• _WHAT TO PRODUCE_:
Given the entries below, would you transcribe exactly the lines starting at the one with "トップメニュー「SmileB" and ending at the one with "之后,实践团队前往青山镇具有", both kept, pictures omitted, nothing extra?

• _INPUT DATA_:
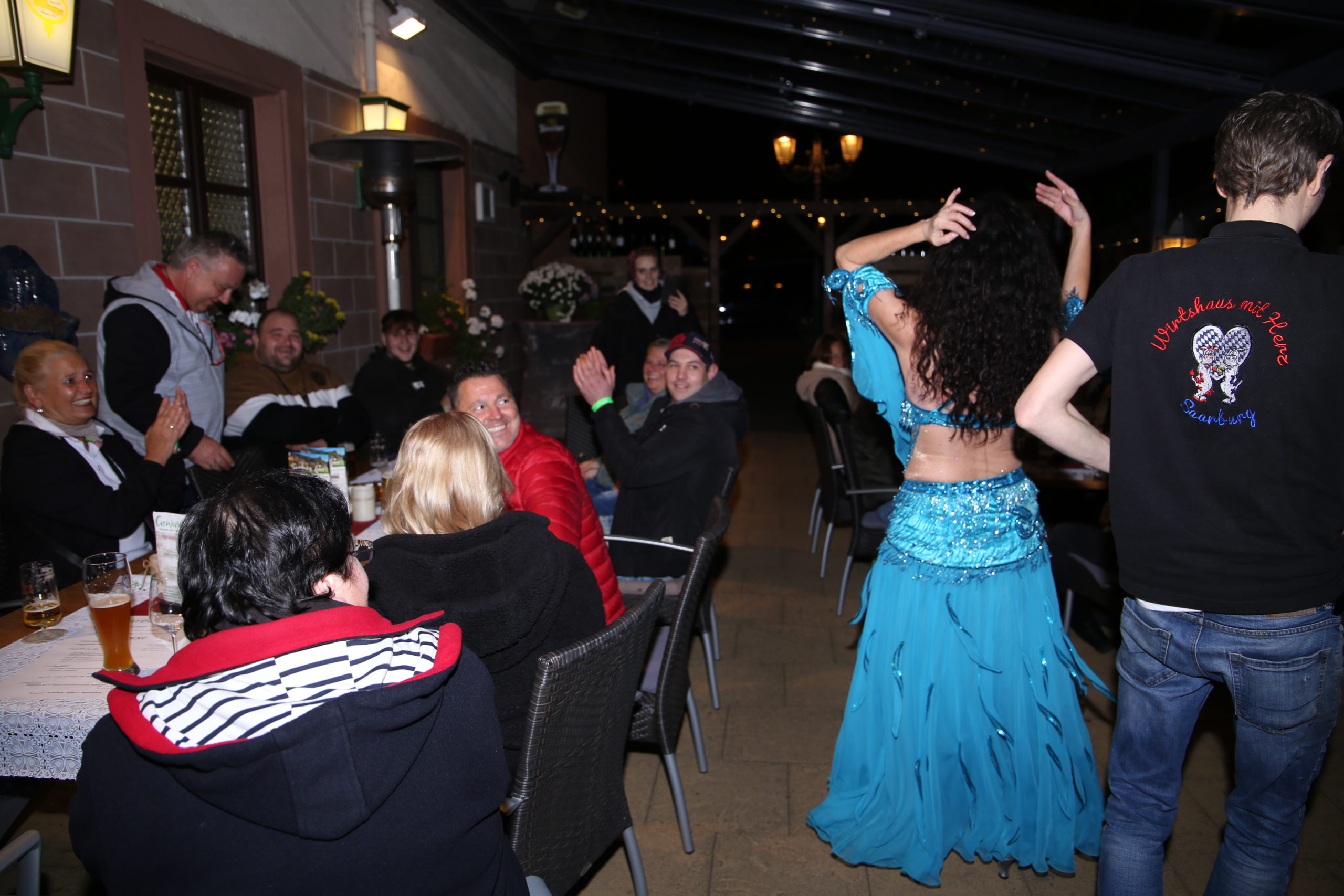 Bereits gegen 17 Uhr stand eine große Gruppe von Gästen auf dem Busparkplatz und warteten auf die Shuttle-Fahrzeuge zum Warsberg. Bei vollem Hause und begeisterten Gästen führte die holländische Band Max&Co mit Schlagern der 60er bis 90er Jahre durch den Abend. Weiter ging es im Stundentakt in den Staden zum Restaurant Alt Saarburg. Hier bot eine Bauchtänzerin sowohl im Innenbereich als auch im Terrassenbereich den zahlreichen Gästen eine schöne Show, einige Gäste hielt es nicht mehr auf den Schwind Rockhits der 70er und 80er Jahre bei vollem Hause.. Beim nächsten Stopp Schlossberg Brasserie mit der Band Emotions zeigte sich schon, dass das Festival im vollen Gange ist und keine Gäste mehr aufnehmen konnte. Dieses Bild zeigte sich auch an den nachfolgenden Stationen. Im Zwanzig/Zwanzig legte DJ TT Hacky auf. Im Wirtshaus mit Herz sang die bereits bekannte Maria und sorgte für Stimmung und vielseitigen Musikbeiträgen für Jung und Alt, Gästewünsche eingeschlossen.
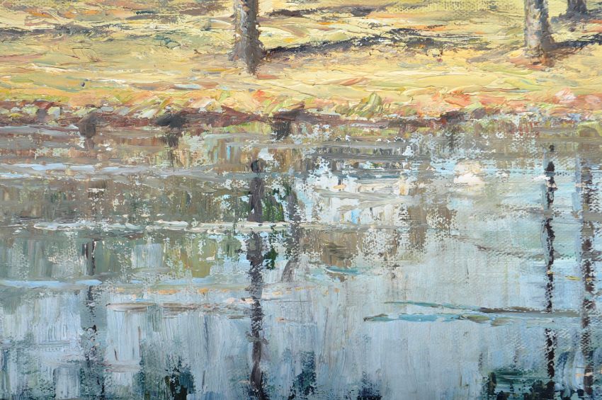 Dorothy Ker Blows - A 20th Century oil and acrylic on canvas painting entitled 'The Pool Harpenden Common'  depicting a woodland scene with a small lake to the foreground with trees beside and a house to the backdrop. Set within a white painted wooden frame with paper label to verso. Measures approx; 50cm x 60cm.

* * *

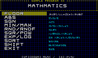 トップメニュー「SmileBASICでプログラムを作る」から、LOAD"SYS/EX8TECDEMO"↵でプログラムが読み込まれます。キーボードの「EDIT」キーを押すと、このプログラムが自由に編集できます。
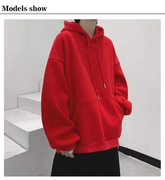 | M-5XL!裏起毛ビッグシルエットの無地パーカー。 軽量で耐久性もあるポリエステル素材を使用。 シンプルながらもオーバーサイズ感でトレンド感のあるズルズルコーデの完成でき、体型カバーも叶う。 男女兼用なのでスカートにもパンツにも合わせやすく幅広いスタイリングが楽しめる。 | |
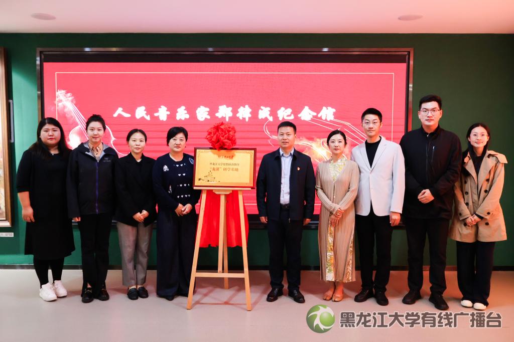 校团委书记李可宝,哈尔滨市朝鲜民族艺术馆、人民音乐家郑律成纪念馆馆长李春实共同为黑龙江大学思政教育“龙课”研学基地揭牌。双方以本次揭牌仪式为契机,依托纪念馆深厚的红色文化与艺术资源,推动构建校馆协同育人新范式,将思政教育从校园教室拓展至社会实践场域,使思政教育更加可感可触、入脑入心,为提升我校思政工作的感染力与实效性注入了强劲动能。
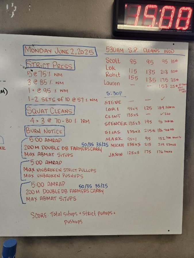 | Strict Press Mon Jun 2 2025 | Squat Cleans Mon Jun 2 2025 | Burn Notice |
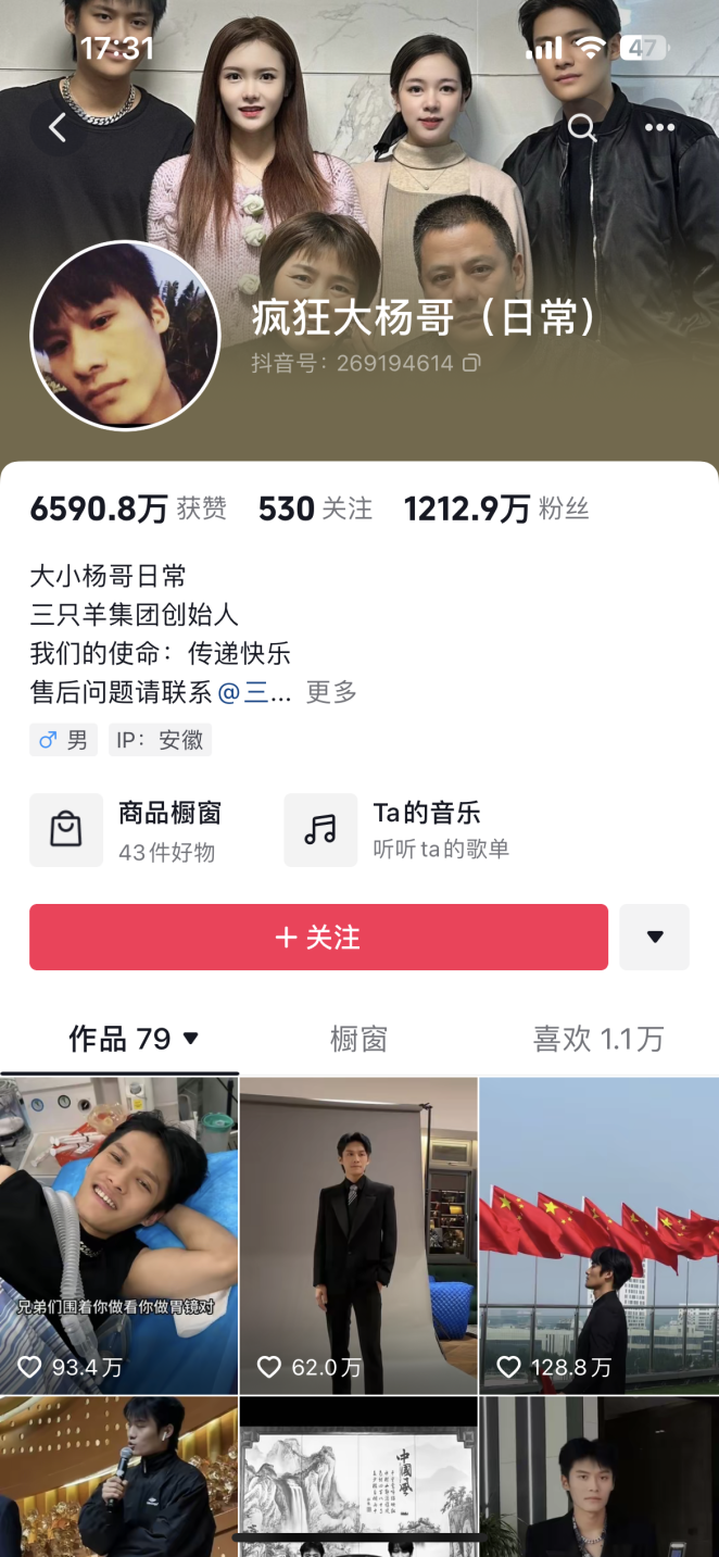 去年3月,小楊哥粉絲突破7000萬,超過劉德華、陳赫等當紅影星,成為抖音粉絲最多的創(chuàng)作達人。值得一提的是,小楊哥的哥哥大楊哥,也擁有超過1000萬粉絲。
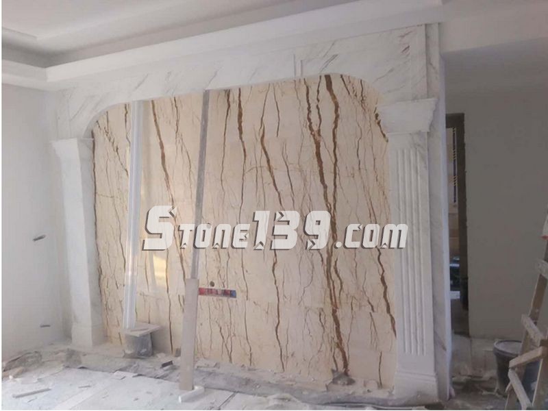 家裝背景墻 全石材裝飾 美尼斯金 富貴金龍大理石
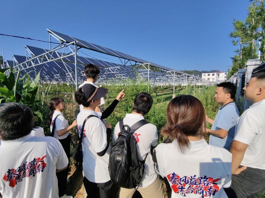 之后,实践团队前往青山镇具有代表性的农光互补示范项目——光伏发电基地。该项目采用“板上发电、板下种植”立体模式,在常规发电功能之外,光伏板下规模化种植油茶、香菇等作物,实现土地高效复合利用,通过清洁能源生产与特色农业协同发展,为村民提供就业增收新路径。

• _THE ANSWER_:
 トップメニュー「SmileBASICでプログラムを作る」から、LOAD"SYS/EX8TECDEMO"↵でプログラムが読み込まれます。キーボードの「EDIT」キーを押すと、このプログラムが自由に編集できます。
 | M-5XL!裏起毛ビッグシルエットの無地パーカー。 軽量で耐久性もあるポリエステル素材を使用。 シンプルながらもオーバーサイズ感でトレンド感のあるズルズルコーデの完成でき、体型カバーも叶う。 男女兼用なのでスカートにもパンツにも合わせやすく幅広いスタイリングが楽しめる。 | |
 校团委书记李可宝,哈尔滨市朝鲜民族艺术馆、人民音乐家郑律成纪念馆馆长李春实共同为黑龙江大学思政教育“龙课”研学基地揭牌。双方以本次揭牌仪式为契机,依托纪念馆深厚的红色文化与艺术资源,推动构建校馆协同育人新范式,将思政教育从校园教室拓展至社会实践场域,使思政教育更加可感可触、入脑入心,为提升我校思政工作的感染力与实效性注入了强劲动能。
 | Strict Press Mon Jun 2 2025 | Squat Cleans Mon Jun 2 2025 | Burn Notice |
 去年3月,小楊哥粉絲突破7000萬,超過劉德華、陳赫等當紅影星,成為抖音粉絲最多的創(chuàng)作達人。值得一提的是,小楊哥的哥哥大楊哥,也擁有超過1000萬粉絲。
 家裝背景墻 全石材裝飾 美尼斯金 富貴金龍大理石
 之后,实践团队前往青山镇具有代表性的农光互补示范项目——光伏发电基地。该项目采用“板上发电、板下种植”立体模式,在常规发电功能之外,光伏板下规模化种植油茶、香菇等作物,实现土地高效复合利用,通过清洁能源生产与特色农业协同发展,为村民提供就业增收新路径。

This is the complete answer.